Worryingly, there seems to be the Steps version here instead 

Oh dear, whose record stash have I found here?

Perhaps I better grab some more JD on the rocks whilst I put it on?  Anyone else want some?


----------



## AJLang (Jul 29, 2012)

Nooooooooooo we can't have the Steps version.  Here's my virtual version of the original Abba version. Yes please to JD


----------



## Steff (Jul 29, 2012)

I'll have the jam going underground of you have it mark


----------



## Casper (Jul 29, 2012)

Steff said:


> I'll have the jam going underground of you have it mark



A Town Like Malice, yeh yeh yeh. **pogoing in the corner**. Make mine a pint please, no school run in morning!!

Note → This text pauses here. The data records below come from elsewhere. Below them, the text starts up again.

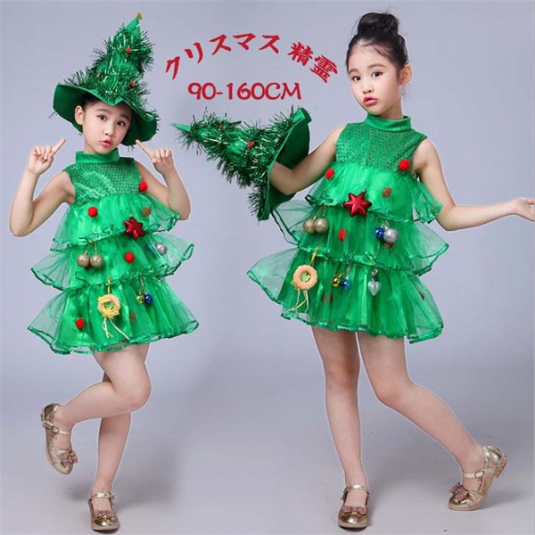 クリスマス サンタ 精霊衣装 子供コスプレ イベント パーティー クリスマスパーティー キッズ 女の子 可愛い コスチューム コスプレサンタ 女児 ワンピース グリーン aa073z7z7m5
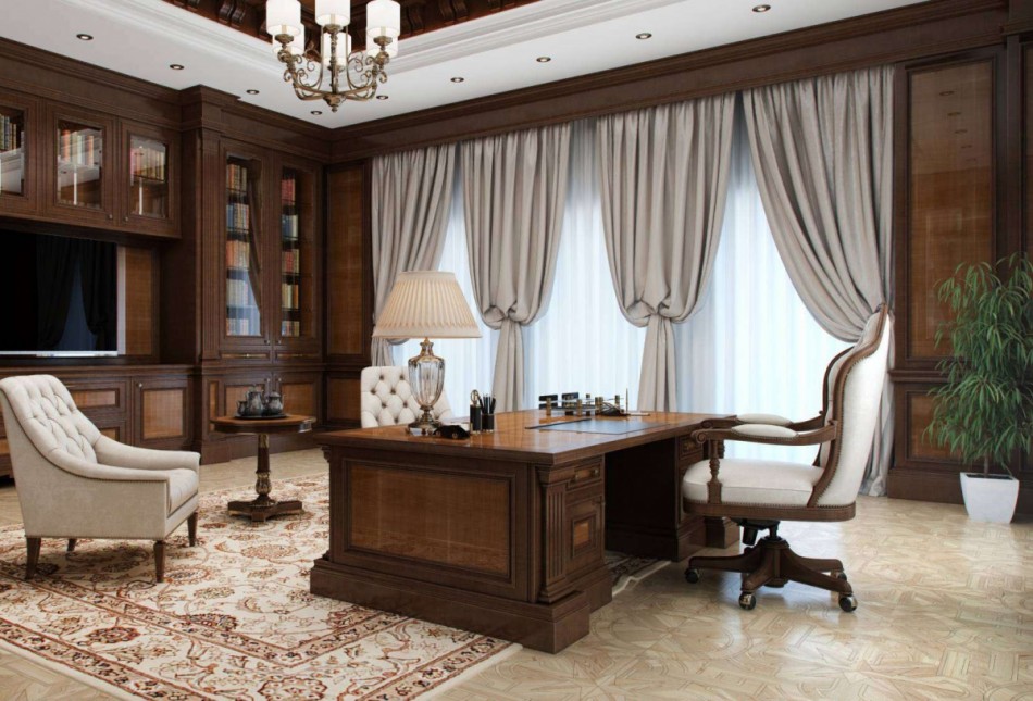 Для создания нужной атмосферы в этих престижных стилях необходимы дорогостоящие материалы и соответствующая роскошная меблировка. Поэтому ремонт и полное перевоплощение обычной комнаты в потрясающий офис – удовольствие не из дешевых.
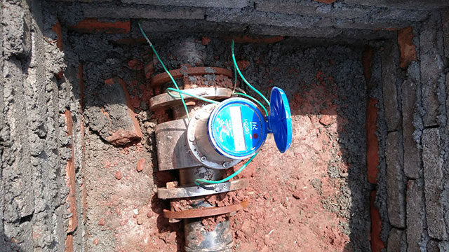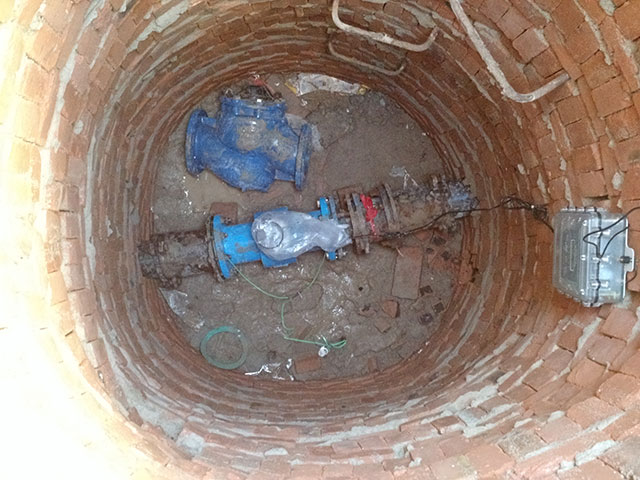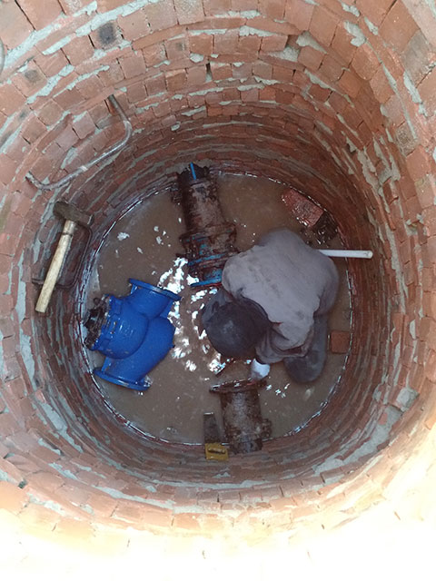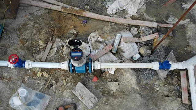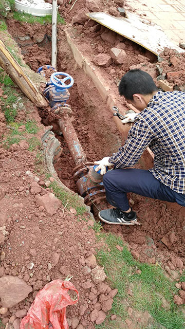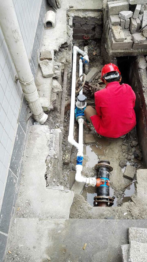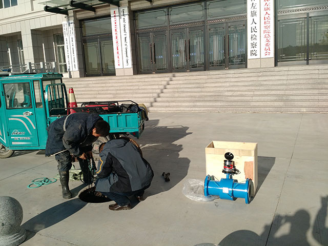電池電磁流量計替換大口徑機械式水表安裝現場
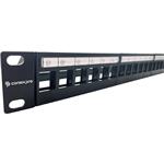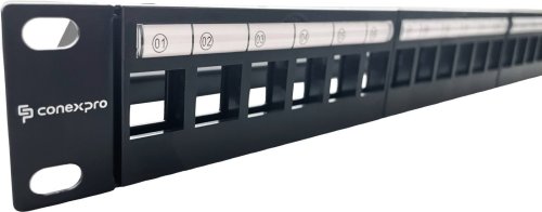 Modulárny patch panel Conexpro využijete s 19" dátovými rozvádzačmi s 24 portami pre plastové aj kovové keystony. Tie môžu spadať do rôznych kategórií - CAT5E, CAT6, CAT6A, CAT7 a CAT8. Panel je kovový a vybavený plastovým čelom.
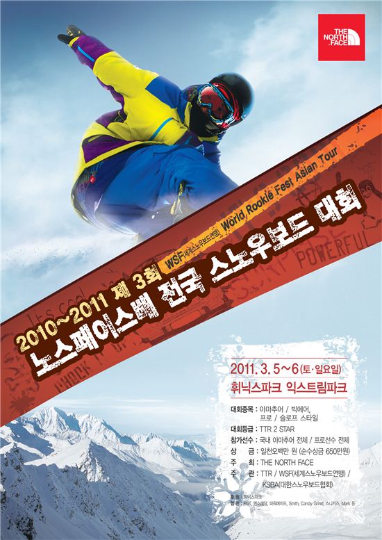 [아시아경제 박소연 기자]아웃도어 브랜드 노스페이스는 노스페이스배 스노우보드 대회를 오는 3월 5~6일 휘닉스파크에서 개최한다고 28일 밝혔다. 이번 대회는 노스페이스 단독 주최인 월드루키페스트와 프로와 아마추어 보드 대회가 함께 진행된다. 올해로 세 번째인 노스페이스배 월드루키페스트(WRF)는 만 18세 이하의 아시아 지역의 루키 선발전이다. 슬로프 스타일로 진행되며, 우승자에게는 2011년 4월 6일부터 10일까지 오스트리아 이시클에서 개최되는 TTR 4스타 대회인 프로테스트 월드 루키 파이널(Protest World Rookie Finals)의 출전 자격과 항공권 일체를 지급 받는다. 이와 함께 노스페이스컵 프로스노우보드 선수권대회는 남자 슬로프 스타일(Slope Style, S/S) 여자의 경우 빅에어(Big Air, B/A) 종목으로 개최된다. 총 상금 560만원과 트로피, 상장이 수여 되며, 협회의 모든 프로 선수들이 출전 할 수 있다. 아마추어 스노우보드대회는 남녀 모두 빅에어(Big Air, B/A) 종목이다. 남녀 각 1, 2, 3등에게는 노스페이스의 고급 자켓이 시상품으로 주어지며, 기타 성적에 따른 부상과 협회의 프로선수로 등록자격, 상장과 트로피를 받을 수 있다. 선착순 80명만 출전 할 수 있다. 이번 대회는 노스페이스가 주최하며 사단법인 대한스노우보드협회(KSBA), 세계스노우보드연맹(WSF)과 TTR이 주관하며, 휘닉스파크, EXIT, SMITH, Mark, 멘소래담이 후원한다. 대회의 참가 신청은 대한스노우보드협회(KSBA) 공지사항의 신청서를 다운로드 받은 후 2011년 3월 4일 까지 ksba.competition@gmail.com으로 신청하면 된다. 현장접수는 3월 5일 오전 11시부터 오후 6시까지 휘닉스파크 유스호스텔 2층의 대회운영본부에서 접수 받을 예정이다.박소연 기자 muse@<ⓒ세계를 보는 창 경제를 보는 눈, 아시아경제(www.asiae.co.kr) 무단전재 배포금지>

What about some nibbly snacks  - mini pizzas, chicken bites, kebabs to follow around midnight.


----------



## Mark T (Jul 29, 2012)

OK, I've got the pizza's.  2x Extra spicy, one with anchovies, a half and half meat feast and triple cheese and a mushroom and ham.

I nabbed some Baileys on the way through as well...


----------



## Dizzydi (Jul 29, 2012)

I've just grabbed a few bottles of bubbly....... I'm thinking there's some wake me up before you go-go somewhere.

 Grabbed some crisps and pretzels as well!


----------



## Sheilagh1958 (Jul 29, 2012)

Sorry I missed the party sounds as though you all had a great time


----------



## Estellaa (Jul 30, 2012)

i've got 3 caterpillar cakes going spare


----------



## Mark T (Jul 30, 2012)

Estellaa said:


> i've got 3 caterpillar cakes going spare


Any of that cake left?   I wonder if I can soak it in some brandy?


----------



## AJLang (Jul 30, 2012)

Happy Birthday Estella and thank you for the caterpillar cakes.  Soaked in brandy sounds like an excellent idea Anybody want to dance to YMCA?


----------



## Dizzydi (Jul 30, 2012)

AJLang said:


> Happy Birthday Estella and thank you for the caterpillar cakes.  Soaked in brandy sounds like an excellent idea Anybody want to dance to YMCA?



Me me me feet soaked and ready to go again......

Now where is that cake


----------